O Paraguai é um vizinho-problema para o Brasil, conforme comprova o histórico policial nas relações entre os dois países – e não pairam dúvidas, de acordo com os registros constantes na imprensa brasileira.
Na maioria dos casos, tão recorrentes que já não impressionam a opinião pública nem leva o governo federal a adotar medidas concretas, os transtornos nascem nos buracos da vigilância na fronteira, tanto no rio Paraguai quanto na fronteira seca com o Mato Grosso do Sul. No ponto mais movimentado – Foz do Iguaçu (PR)/Ciudad del Este – granjeia o contrabando com intensidade tamanha que os muambeiros fecham a ponte da Amizade quando a Polícia Federal decide fiscalizar; nos pontos mais ermos – Porto Murtinho (MS)/ Pindoty Porá (Corpus Christi), por exemplo – vem o tema da febre aftosa e, de quebra, a constatação que a desinformação da imprensa brasileira como um todo colabora com o preconceito contra o vizinho..
As origens da imagem de republiqueta de quinta categoria que o Paraguai desfruta no país têm a ver – e muito – com as interferências brasileiras no vizinho. Desde a Guerra do Paraguai, quando o Brasil, Argentina e Uruguai, atendendo a interesses britânicos, promoveram a maior matança que se tem notícia na América Latina depois da independência desses países, o Paraguai tornou-se um estorno para seus vizinhos mais poderosos. Em seis anos de Guerra, entre 1864 e 1870, 100 mil paraguaios morreram, segundo algumas das pobres estatísticas ao alcance. O que se sabe é que a população masculina foi quase totalmente dizimada, conforme mostram alguns relatos sobre a participação de meninos de dez anos nas últimas baralhas.
O escritor e jornalista Eduardo Galeano, em ‘Veias Abertas da América Latina’, classificou o que os paraguaios chamam de ‘Guerra Grande’ como ‘genocídio’. Desde então, o sentimento de culpa permeia as ações dos governos brasileiros com relação ao vizinho. Foi-se embora o Império do Brasil em 1889, veio a República – e essa característica se renova, seja no abrigo ao ditador Alfredo Stroessner ou de ex-presidentes derrubados por golpes de estado, ou pela recente decisão do governo Lula que submeteu os documentos do período da guerra ao segredo eterno.
A essa mesma postura paternalista – o vizinho está sempre com o chapéu na mão – que também sustenta a vista grossa do Brasil para a ampla teia de crimes que se desenha na fronteira. Entra governo sai governo, mudam as moscas, mas a porcaria continua a mesma. O Brasil não age decisivamente contra o crime que prejudica seus cidadãos como se a prática da ilegalidade fosse um dos poucos recursos que restou ao vizinho aniquilado pela guerra. A magnitude das ilegalidades que se comete é o que motiva a movimentação dos EUA para a construção de sua segunda base militar na América do Sul (a outra é no Equador). Os norte-americanos desconfiam – e divulgam constantemente – que a tríplice fronteira Brasil-Argentina-Paraguai é uma ameaça para sua segurança, por causa do trânsito de armas de todos os tipos e calibres.

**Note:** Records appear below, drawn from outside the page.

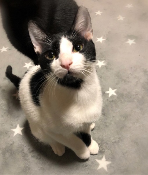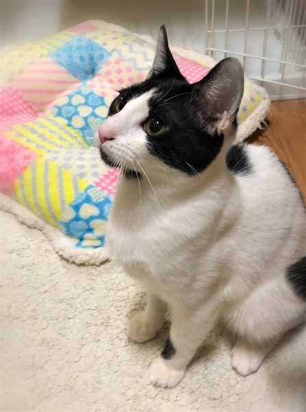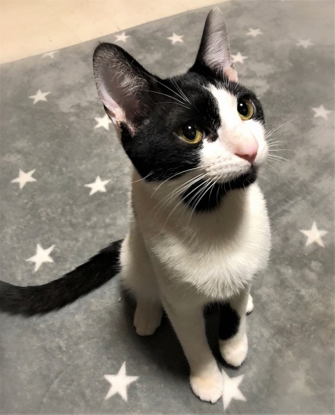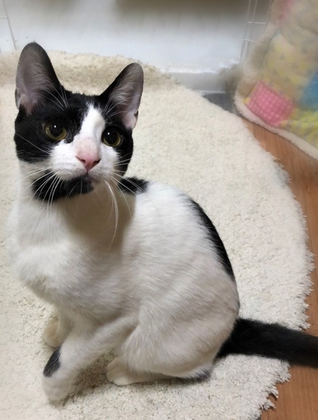 | 特徴(性格など) | 仮名、ポー まるい顔にあごひげ・白黒の男の子。 環境に慣れるまで時間が必要です。慣れてくると何にでも好奇心旺盛。 初めて見るオモチャに興味はあるものの、恐る恐る近づいて来る様子が面白いです。 撫でられると、ゴロゴロ言いつつコテンと横になります。 |
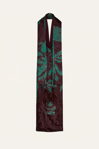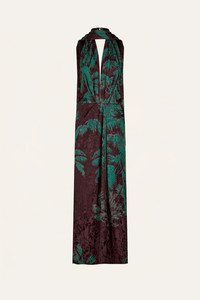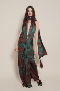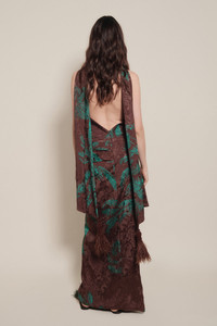 A classic Johanna Ortiz piece in rich jacquard. Designed with an open neckline, high slit, and a removable scarf that ties or drapes freely. The tropical motif adds dimension, and the fluid cut offers ease for occasion dressing. Size and Fit: True to size. Designed for a slim fit. Please refer to our size chart for detailed guidance. Product Details: Closure: Back Zipper Composition: 100% Viscose Fabrication: Printed Jacquard Color: Chocolate/Jade Made in Colombia Dimensions: Length 44.09''
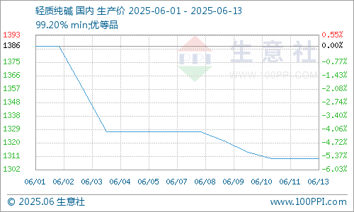 据生意社商品分析系统显示,本周纯碱价格走势持续下调,截至6月13日纯碱市场均价在1310元/吨,与6月6日纯碱价格1328元/吨相比跌幅1.36%,较月初下调5.48%。
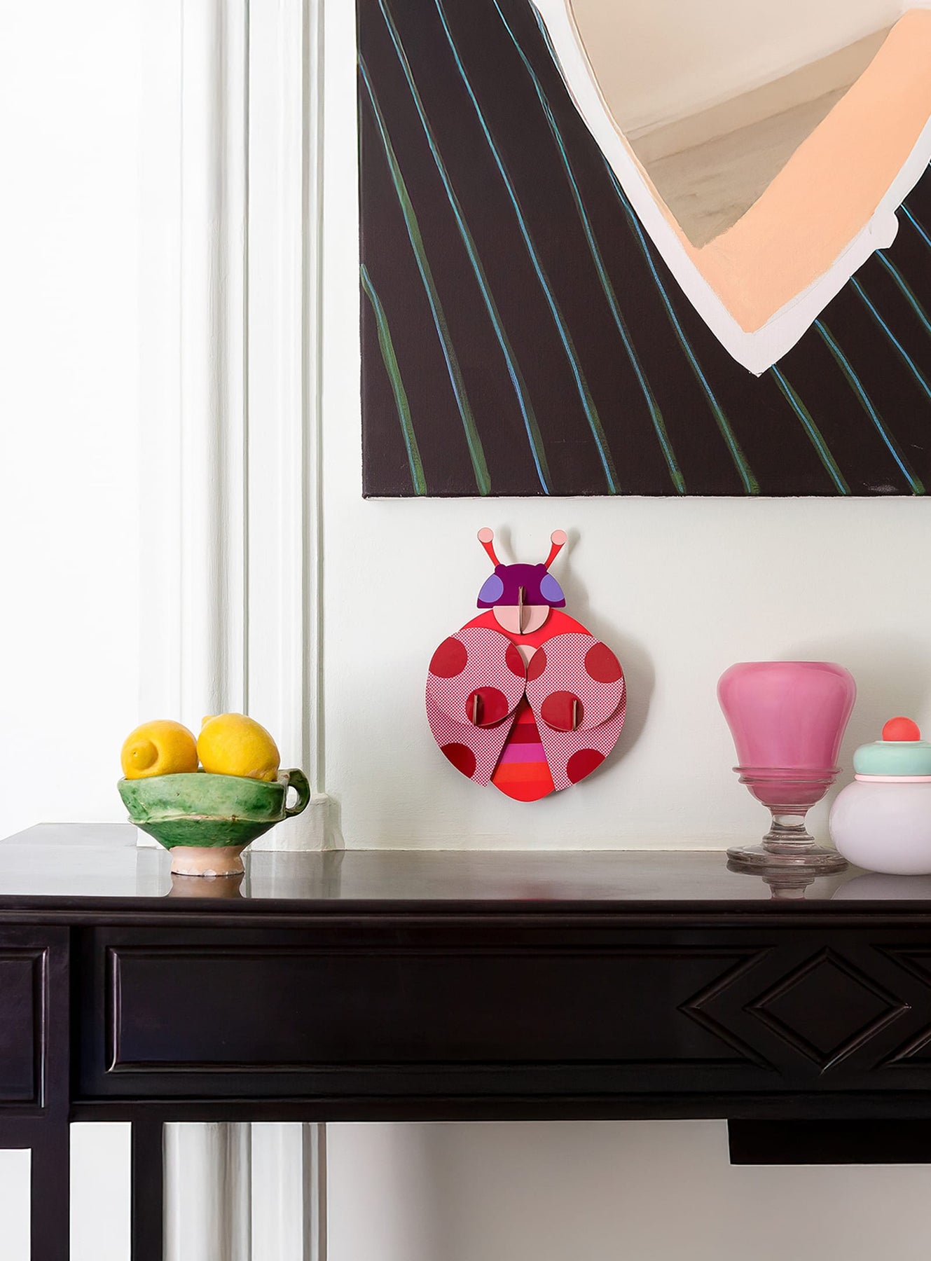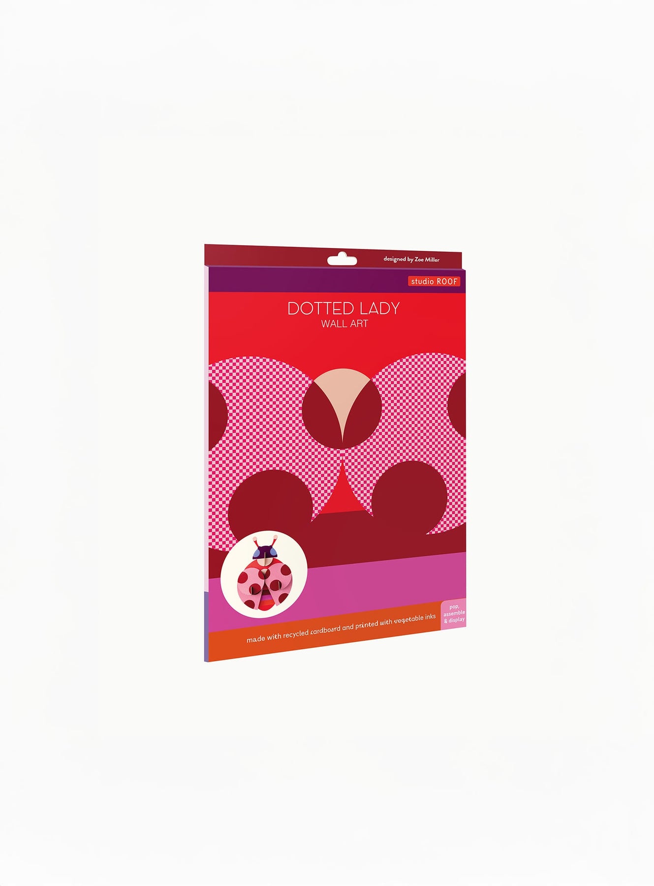 The Dotted Lady by Studio ROOF is part of a special capsule collaboration with British artist Zoe Miller, known for her bold and playful visual style. Reimagining Studio ROOF’s nature-inspired aesthetic, this 3D cardboard art piece bursts with graphic energy and layered textile-inspired patterns, making it an artistic statement for any space.

Quando brotou o foco da febre aftosa em Porto Murtinho, a prática de culpar o Paraguai pelo trabalho que o Brasil deixou de fazer, manteve-se. Renovando discursos anteriores, o governador do Mato Grosso do Sul, José Orcirio dos Santos, o Zeca do PT, foi o primeiro a autorizar que o Iagro, a Agência Estadual de Defesa Animal e Vegetal, divulgasse que o gado contaminado viera do vizinho. Não era de seu governo, portanto, a responsabilidade pelos prejuízos que ainda estão sendo somados e ampliados. Até hoje, 22 de outubro, 41 países declararam veto à carne brasileira. Também hoje, os jornais trazem a descoberta de novos focos do vírus no Paraná, para onde reses contaminadas teriam sido levadas para participação em feiras agropecuárias.
Quando o governador Zeca disse que o assunto não era com ele, apesar de estar no comando do estado que é segundo maior exportador de carne do Brasil, (US$ 227 milhões entre janeiro e agosto deste ano), passou automaticamente o mico para Brasília. Assim que a bomba estourou na Esplanada dos Ministérios, o Ministério da Agricultura acrescentou que além do Paraguai, a culpa também cabia ao superávit fiscal e o ministro da Fazenda, Antonio Palocci. Diante do desmentido da Fazenda, o ministro da Agricultura, Roberto Rodrigues, recuou e corrigiu a primeira versão. Sua pasta recebera realmente menos recursos do que o previsto no orçamento para proteger os rebanhos brasileiros, mas, como apontou a reportagem do O Estado de S.Paulo de sábado passado, 15/10, com a reprodução dos números do Siafi (Sistema Integrado de Administração Financeira), a maior parte dos recursos foi gasta na compra de autos utilitários e viagens.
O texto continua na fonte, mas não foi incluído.